The Freedom Trail is a  path through Boston, Massachusetts, that passes by 16 locations significant to the history of the United States. Marked largely with brick, it winds from Boston Common in downtown Boston through the North End to the Bunker Hill Monument in Charlestown. Stops along the trail include simple explanatory ground markers, graveyards, notable churches and buildings, and a historic naval frigate. While most of the sites are free or suggest donations, the Old South Meeting House, the Old State House, and the Paul Revere House charge admission. The Freedom Trail is overseen by the City of Boston's Freedom Trail Commission and is supported in part by grants from various nonprofits and foundations, private philanthropy, and Boston National Historical Park.
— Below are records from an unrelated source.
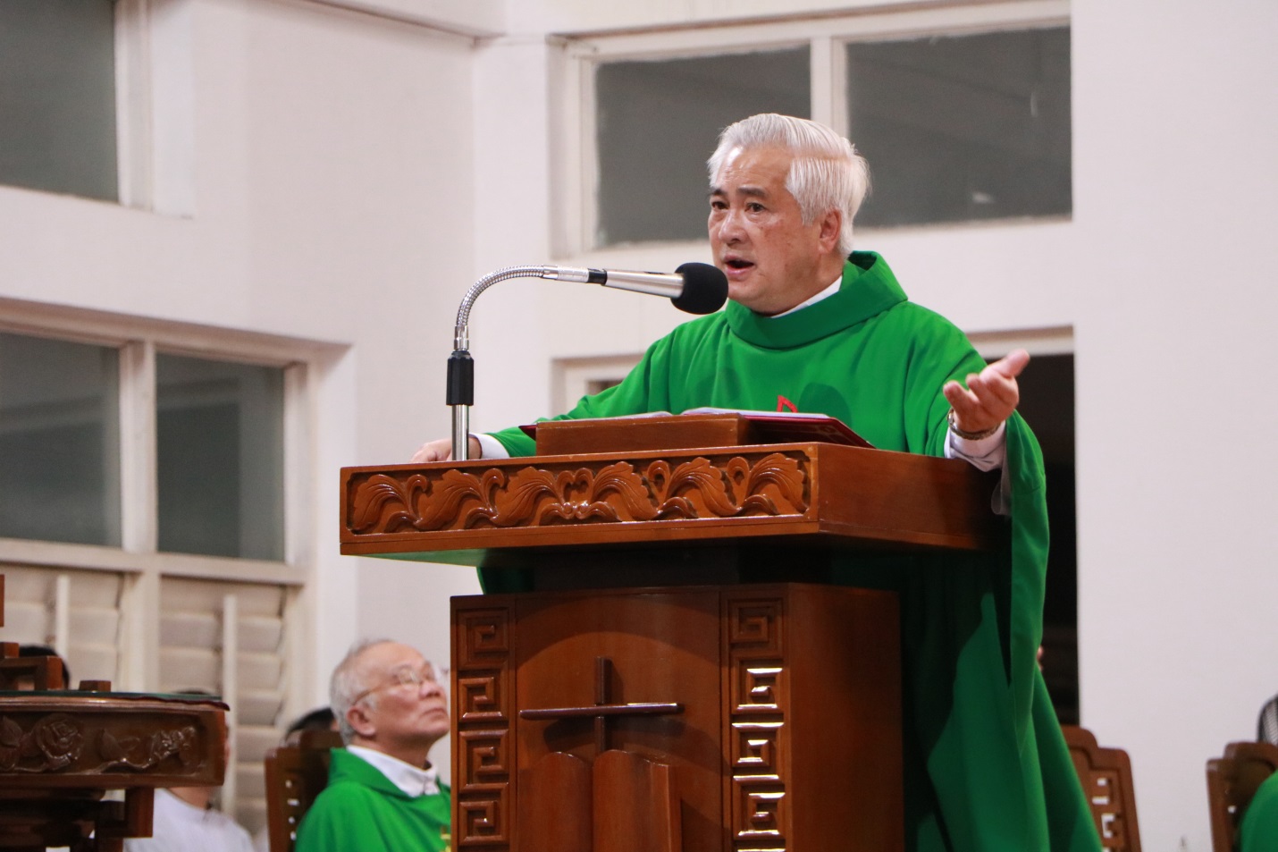 Trong những ngày thuyết trình tại Đại Chủng viện Sao Biển, cha Phêrô Trần Mạnh Hùng cũng chủ tế và chia sẻ cảm nghiệm đức tin của cha trong Thánh lễ Tiếng Anh theo chương trình hằng tháng của Chủng viện.
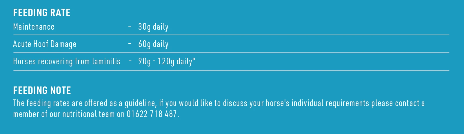 Feeding rate can be safely increased for cases of acute hoof damage.
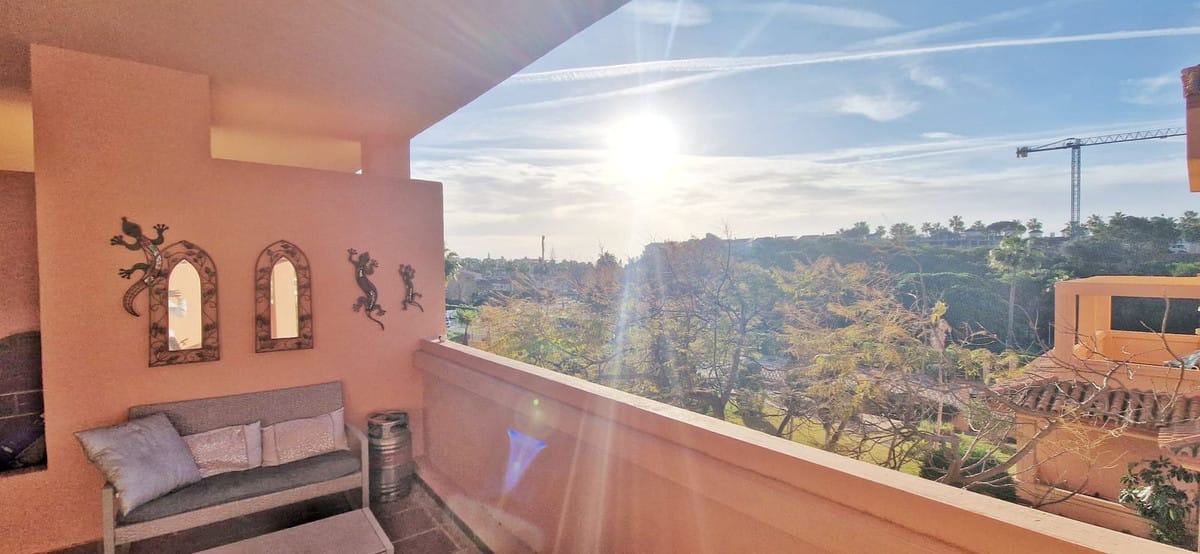 Lovely 2 bed 2 bath apartment located in a highly desirable area and only 5 minutes walk from the beach! This property is situated on an elevated ground floor and benefits from overlooking the gorgeous and very well maintained comunal gardens. The property features 2 large bedrooms with a master being en-suite and a second bathroom, both of which are a good size. There’s a a large and bright living room and a fully fitted open plan kitchen and off the living room you have a large South facing terrace which receives all day sun. The complex itself is very well maintained and has lovely green areas and large communal swimming pool. The beach is 5 minutes walk and there are many bars, shops, restaurants and a pharmacy within a 3 minute walk making the location of this property unbeatable!
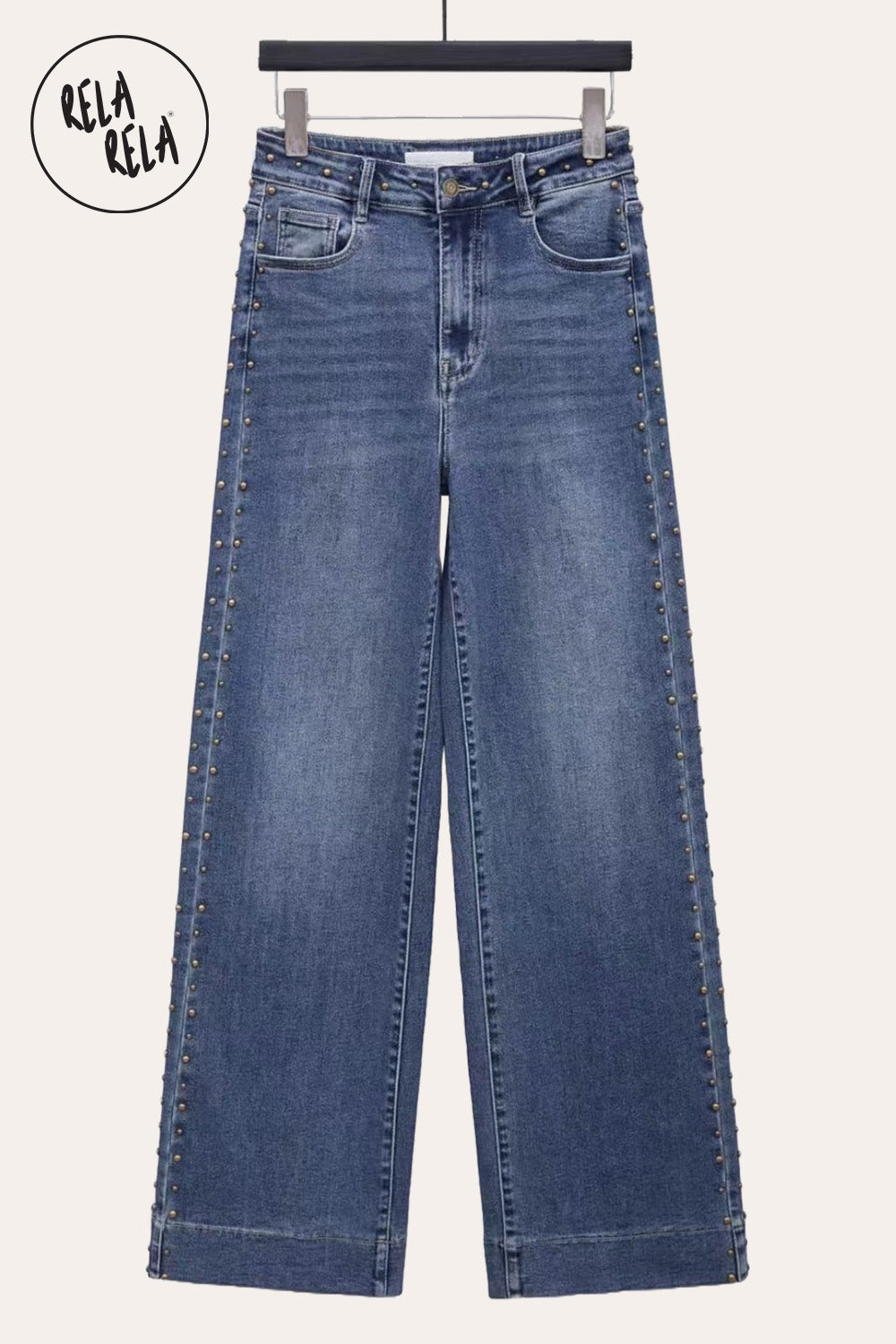 Stretchy Studded Rivet Wide Leg Jeans – Indigo Wash
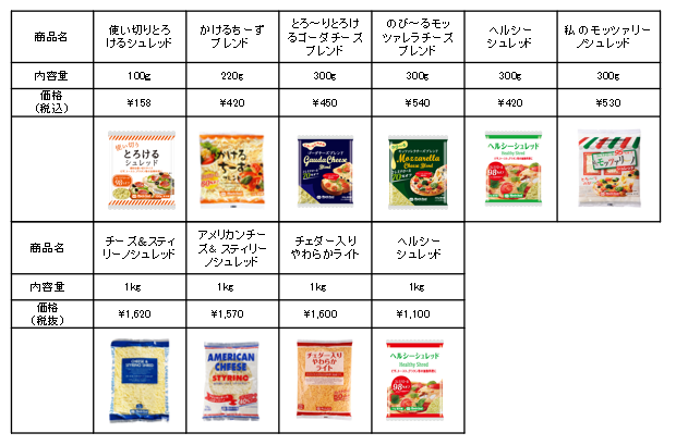 原材料:食用植物油脂(国内製造)、乳たん白、でん粉、食塩、乳等を主要原料とする食品、乳たん白質分解物、チーズパウダー、チーズフード/加工でん粉、pH調整剤、セルロース、調味料(アミノ酸等)、リン酸塩(Na、K)、クエン酸Na、増粘多糖類、香料、着色料(カロチノイド)
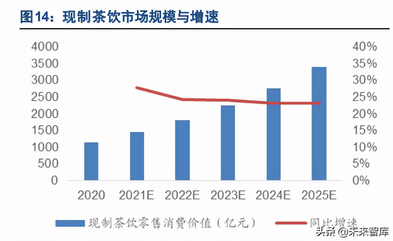 现饮市场规模增速未来或超 20%,纸杯为主要容器之一。现制茶饮(如喜茶、奈雪的茶等品牌)和现磨咖啡 (如星巴克、瑞幸等品牌)风行国内,市场规模增长迅速。根据灼识咨询,2020 年我国现制茶饮消费量约 88 亿杯,市场规模(按零售消费价值计算)达到 1136 亿元,2020-2025 年市场规模复合增速预计达到 24.5%; 2020 年现磨咖啡消费量约24 亿杯,市场规模达到507 亿元,2020-2025 年市场规模复合增速预计达到 19.8%。 现饮的容器以纸杯和塑料杯为主,行业快速增长将带来更多纸杯用纸、纸吸管用纸需求。(报告来源:未来智库)
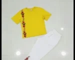 – Stylish floral embroidery with red roses on shirt and trousers
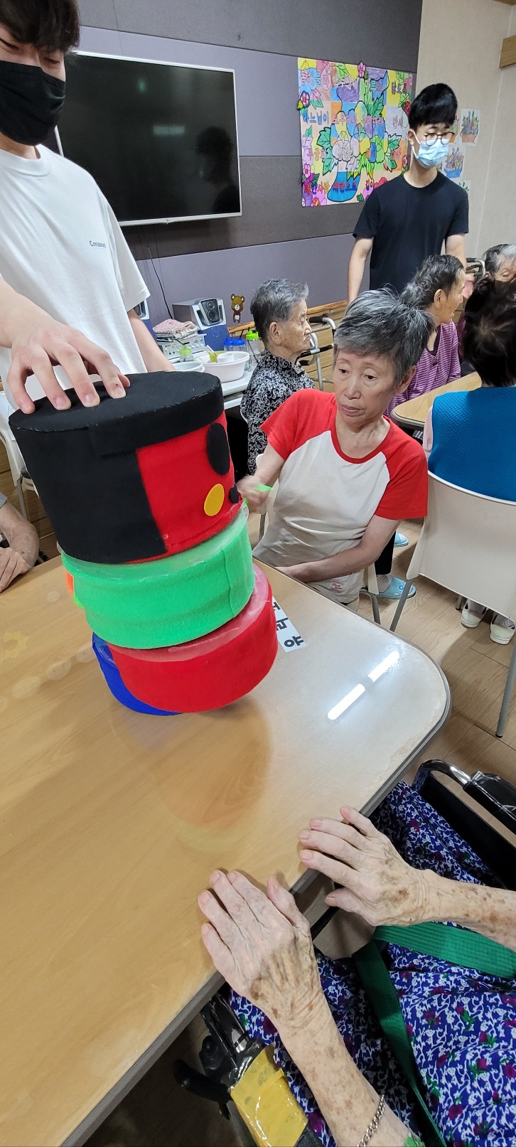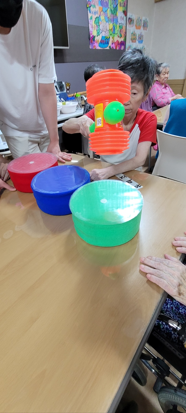 스펀지로 맞은 편 어르신들과 굴려보시며 협동심을 기르시고 다루마오토시를 뿅망치로 맞추어 쓰러뜨려 보셨습니다.^^

The Freedom Trail was conceived by local journalist William Schofield, who in 1951 suggested building a pedestrian trail to link important local landmarks. Boston mayor John Hynes decided to put Schofield's idea into action. By 1953, 40,000 people were walking the trail annually.

The National Park Service operates a visitor's center on the first floor of Faneuil Hall, where they offer tours, provide free maps of the Freedom Trail and other historic sites, and sell books about Boston and United States history.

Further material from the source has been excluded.